Dwayne D. Gremler is a social scientist, academic, and author. He is a Professor of Marketing, Distinguished Teaching Professor, and Distinguished Research Professor in the Schmidthorst College of Business at Bowling Green State University. He is a co-author of the textbook Services Marketing: Integrating Customer Focus Across the Firm, now in its 8th edition.

Gremler’s research interests span the fields of marketing with emphasis on service marketing and management, and focuses on the topics of emotion management in services, customer-employee rapport in service interactions, word-of-mouth communication, customer loyalty, and service guarantees.

Gremler has been appointed as Research Faculty at Arizona State University’s Center for Services Leadership, as an Associate Member of Center for Service Management Loughborough University, and as Visiting International Professor at the University of Münster.

Education
Gremler graduated in Mathematics from Arizona State University in 1980. Later  on, he enrolled for an M.B.A. in Marketing, and graduated in 1990. In 1995, he completed his education at Arizona State University with a Ph.D. in Marketing under the supervision of Stephen W. Brown. His dissertation was titled, "The Effect of Satisfaction, Switching Costs, and Interpersonal Bonds on Service Loyalty".

Career
Gremler started his academic career at Arizona College of the Bible as an Instructor (and Basketball Coach) in 1987. After completing his Ph.D., he served as an Assistant Professor of Marketing at the University of Idaho from 1995 till 2000. Subsequently, he was appointed as an Associate Professor of Marketing at Bowling Green State University in 2000, and was promoted to Professor of Marketing in 2007. He is a former Fulbright Scholar who taught service marketing at the University of Maastricht. He is a Visiting International Professor at the University of Münster, and on the Research Faculty of the Center for Services Leadership in the W. P. Carey School of Business at Arizona State University.

In 2015, he was appointed by the Bowling Green State University Board of Trustees as Distinguished Teaching Professor  and, in 2022, as Distinguished Research Professor. He is the only professor at Bowling Green State University to receive both appointments. He served for three years on the Academic Council for the American Marketing Association. In addition to that, he was the Chair of American Marketing Association’s Services Marketing Special Interest Group from 2002 to 2003, served for two years as the Mentoring Coordinator of this group. He has also served as an Associate Editor for the Journal of Service Research since 2014.

Research
Gremler has authored over 100 publications, including peer-reviewed journals, book chapters, and conference papers. His research focuses on service management and particularly addresses emotion management in services, customer-employee rapport in service interactions, word-of-mouth communication, customer loyalty in service organizations, and service guarantees.

Service management
With a focus on relationship marketing, Gremler's works have explored how to manage customer relational benefits in services. His research has identified benefits customers receive from having developed relationships with service firms, and classified them into three primary categories: confidence, social, and special treatment benefits. His later research also evaluated relational benefits and relationship quality and showed that the concepts of customer satisfaction, social, and confidence benefits tend to impact relationship marketing outcomes. The role of customer engagement both psychological and behavioral engagement has been identified with his more recent research, which has reported that behavioral customer engagement is influenced by psychological customer engagement.

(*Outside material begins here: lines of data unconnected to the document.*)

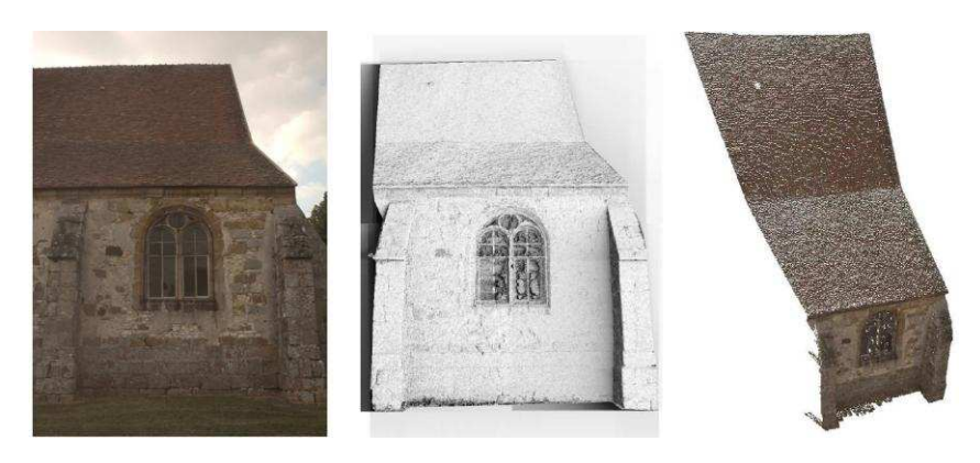
Figure 3: The multi-stereo image matching method: the master image (left), the matching result (in term of depth map) in the last pyramidal step (center) and the generated colorized point cloud (right).

Starting from the derived camera poses and multi-stereo correlation results, depth maps are converted into metric 3D point clouds (Figure 3). This conversion is based on a projection in object space of each pixel of the master image according to the image orientation parameters and the associated depth values. For each 3D point a RGB attribute from the master image is assigned.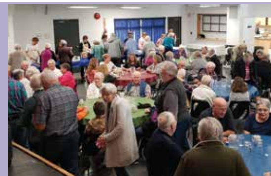
COWTOWN LUNCH BRUNCH, 2024.

The Southgate Community Fund awarded multiple Neighbourhood Small Grants (NSGs) in 2024. NSGs are grassroots grant making to support people making positive changes in their community. NSGs empower community members to bring their neighbours together, create new connections, and make their community a better place to live. This year, one of the NSGs went to support the Cowtown Lunch Brunch in Holstein. Students from Egremont Community School joined the Cowtown Lunch Brunch to perform Christmas songs and musical numbers from the Wizard of Oz. Wonderful intergenerational interactions could be seen between the seniors and students.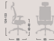
LV10 – LV20 Poltrona ergonomica con braccioli regolabili e oscillante mov. 19. Ergonomic armchair with adjustable armrests and oscillation mov. 19.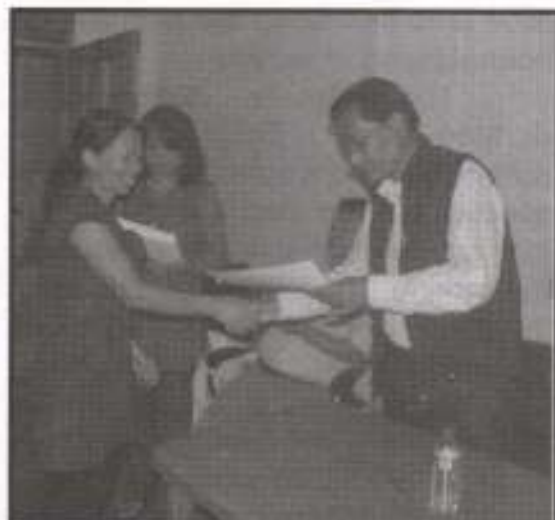
DC Kohima Bei-u Angami giving away certificates during the e-Literacy training programme at VC Studio, DC's office Kohima on 27th July 2012.

Deputy Commissioner, Kohima, Bei-u Angami on 27th July 2012 exhorted the participants of the training on e-Literacy Programme conducted at National Informatics Centre,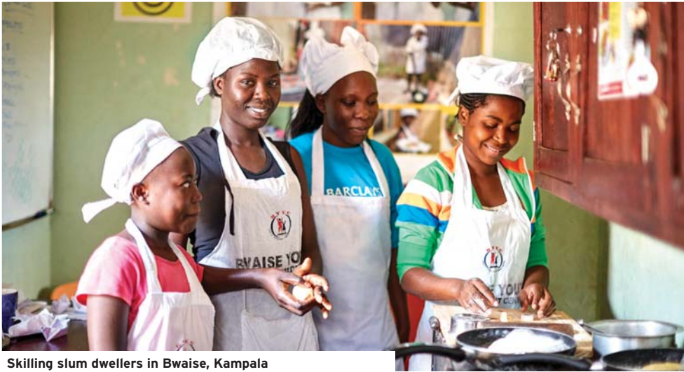
Skilling slum dwellers in Bwaise, Kampala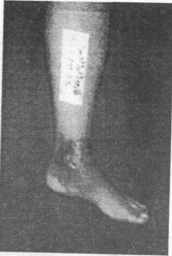
Fig (1a): Patient with Lt LL chronic venous leg ulcer.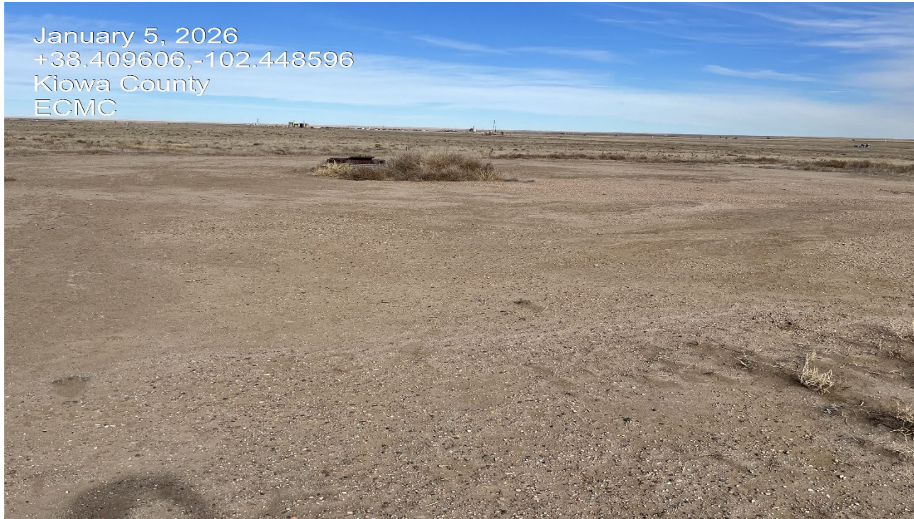
Photo 2. Facing north toward the former tank battery location. Reclamation has not been performed.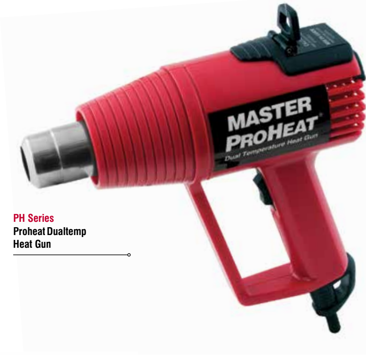
PH Series Proheat Dualtemp Heat Gun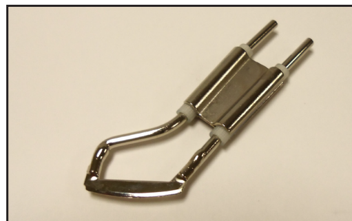
Model # 67102 Type R Blade

This general-use blade (1.14 inches of heated surface) cuts straight lines easily on glass surfaces and is designed for synthetic fabrics, webbing and ropes of up to 17mm diameter.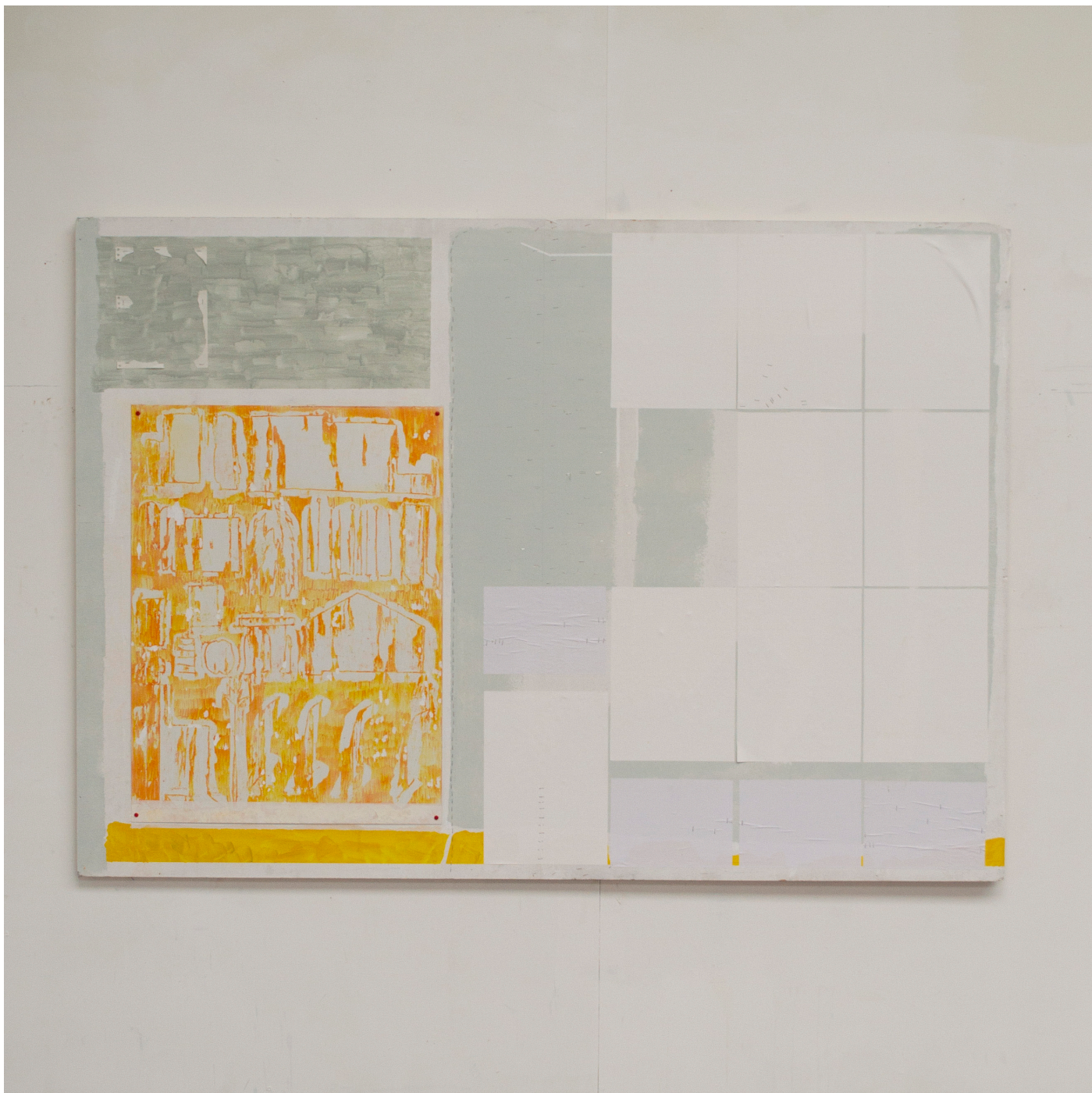
'algemeen gesprek' (general conversation), spraypaint on metal board, on wooden panel with collage, acrylics 2023, 150x250cm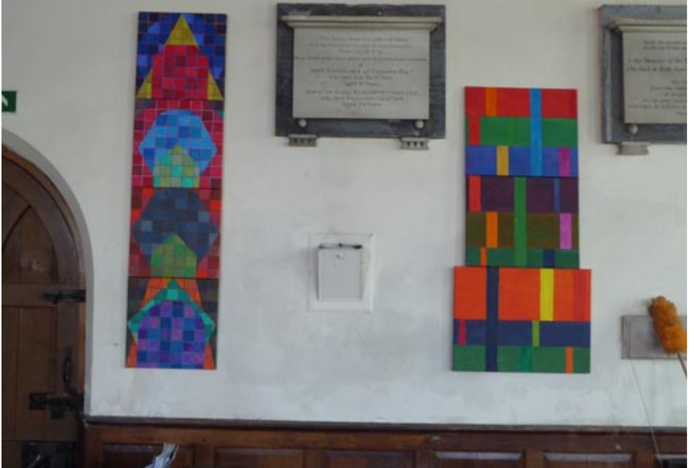
Old Meeting 7

Emotion management in services
Gremler’s more recent research focuses on the role of emotions in service interactions. One of his articles examines emotional contagion—the idea that customers can catch the emotions displayed by customer contact employees. That research study examined the impact of emotion contagion and emotional labor of employees on customers’ emotions in service industry. The study found that the extent of smiling does not have any effect on customers’ emotions, however the authenticity of employee’s emotional labor tends to influence the customers emotions. His research explains how emotions exhibited during service encounters get shared, revealing the need for service firms to establish positive encounters for the benefits of all the parties involved. In addition, his research explains how companies should train their service employees to ensure the protection and well-being of customers. In studying both positive and negative emotional contagion effects and the use of emotional labor in a personalized service setting, this research highlights the importance of understanding the potential influence of customer preservice emotions and the presence of an emotion cycle during service delivery.

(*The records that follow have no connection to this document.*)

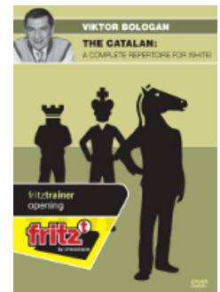
The Catalan by Viktor Bologan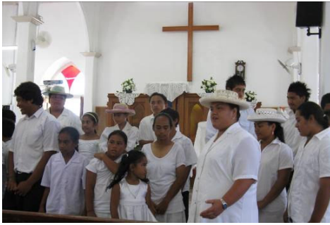
Ko tetai pae teia o te tamariki Apii Sabati o Avarua tei tere atu ki Ngatangia.

Ko te akateretereanga o te teretere Apii Sabati i Rarotonga nei, e raveia ana e 2 taime i te mataiti, i roto i te 3 o te epetoma o Me e Noema. Akamata i teia mataiti e tu mai nei, e manga tauiaanga tetai i te akanoonooanga o te teretere Apii Sabati. Kua ariiia teia tauiaanga e te Konitara Ekalesia Rarotonga i nga marama i topa.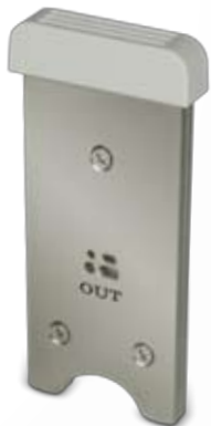
OPTI-FLOAT® Heavy Duty Cable Cutter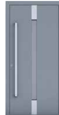
AP11 page 13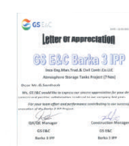
Letter of Appreciation Barka 3 IPP Project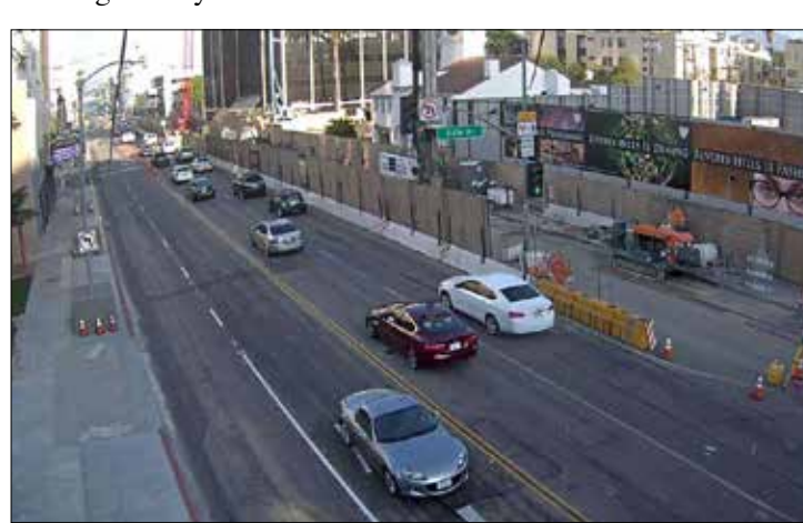
Piling on Wilshire between Gale and La Cienega

Metro announced its tentative timeline for completing construction of its Purple Line Extension project at its community meeting on July 11.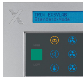
DISPLAY, FUNCTION BUTTONS WITH STATUS DISPLAY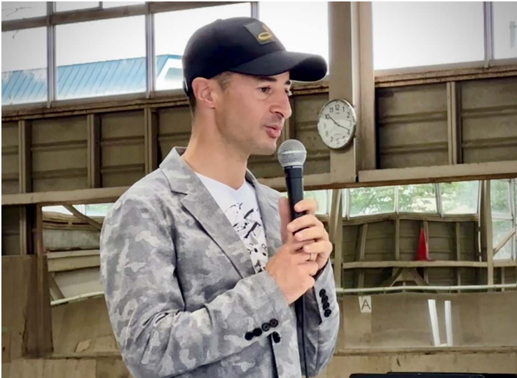
Christophe Lemaire addresses the IFAR conference

Gremler and his co-authors reveal how service firms can help their employees anticipate and respond to customers in a bad mood, which in turn can provide emotional reassurance for those customers. Other research proposes training employees to exhibit not just technical competence but also emotional competence. Such efforts have strong influences on the well-being and emotional health of service employees, who also gain a sense of support from their employers. In turn, customers enjoy enhanced outcomes of service interactions that ensure their critical needs are being met in a pleasant, safe, and friendly setting.

Customer-employee rapport in service interactions
In a 2000 article, Gremler and Kevin Gwinner examined one specific aspect of customer-employee relationships, rapport, that they contend is particularly salient in service businesses characterized by a high number of interpersonal interactions. In that study, they find support for two empirically distinct dimensions of rapport (i.e., enjoyable interaction and personal connection). They also find a positive relationship between these dimensions and satisfaction, loyalty intentions, and word-of-mouth communication—findings. His later research on this topic identifies employee behaviors that help to cultivate rapport with customers.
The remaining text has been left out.